Computer profiling

I have a '99 ford escort, 2L SOHC engine, 152,000 miles. It’s been taking to pinging/detonation under load, and a mechanic told me to ask the Ford people to “recalibrate” the computer. I think he actually meant to re profile the computer. I understand that, removing the battery cable and reinstalling it will set the computer up for a new profile, generated in a few miles of driving. I did that and the pinging/detonation s became milder, but did not disappear.

There was also a code show up indicating that the oxygen sensors were not in sync, apparently. So will that affect pinging/detonation?

Another person behind the counter of a parts shop said removing the cable does nothing to engine performance, but I did notice a difference.

The plugs were changed at 120,000 and other maintenance work performed.

Finally, can plugs of a lower heat range be substituted for the ones in the engine now?

Ping/detonation not the same,“google” each.

Post 02 sensor codes,yes this issue needs to be resolved.

Battey cable will not “restore” performance.

Pull plugs and read them (compare to chart)

I will look if there is a PCM “reflash”.

No “reflash” or mention of ping in TSB’s

Do not substitute plugs. Fix the cause of the problem instead. Going to the incorrect heat range of plugs can have unintended and undesirable consequences.
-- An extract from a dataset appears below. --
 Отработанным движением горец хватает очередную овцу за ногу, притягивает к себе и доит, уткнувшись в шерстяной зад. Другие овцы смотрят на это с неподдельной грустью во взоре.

You’re on the right track, however. Pinging is generally considered a secondary wavefront self-forming and crashing into the spark-induced wavefront because the cylinders are too hot. Preignition is generaly considered to be the cylinders firing before the spark plug, also a manifestation of hot cylinders.

Cylinders can get too hot because of a too-lean mix, like using a bellows in a fireplace…it burns hotter with more oxygen applied. Oxygens sensors can definitely cause this. Your engine is an inline 4-cylinder engine, so you have one sensor before the catalytic converter and one after. The one after monitors the performance of the converter. The before one is the one that provides an input to adjust your fuel mix. I’d want to see the signal from the one before (known as the “upstream” sensor).
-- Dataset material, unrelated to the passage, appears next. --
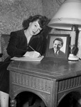 Mrs. Edwin M. Martin is a new resident of Fort Worth, Texas. She made the move from Hollywood, California, while her husband stayed back. The couple frequently exchange letters. Mrs. Martin is shown writing on a notepad, next to a photograph of her husband. She is wearing a corduroy dress.

You also have an Exhaust Gas Recirculation (EGR) system that should allow a bit of inert exhaust gas to mox with the air being drawn into the engine when under load. That keeps the cylinders from becoming too hot, the source of pinging. These can and do get clogged up with carbon, especially on older engines that are burning some oil, because they pass exhaust gasses.

You should also have a “knock sensor” that should be functioning. While its capabilities to adjust for pinging are limited, it’s a piezoelectroc (or piezoresistive) accelerometer that’s “tuned” to the frequency your engine makes when it pings or (ignition) knocks. That should have tripped a fault code due to recurrant pinging.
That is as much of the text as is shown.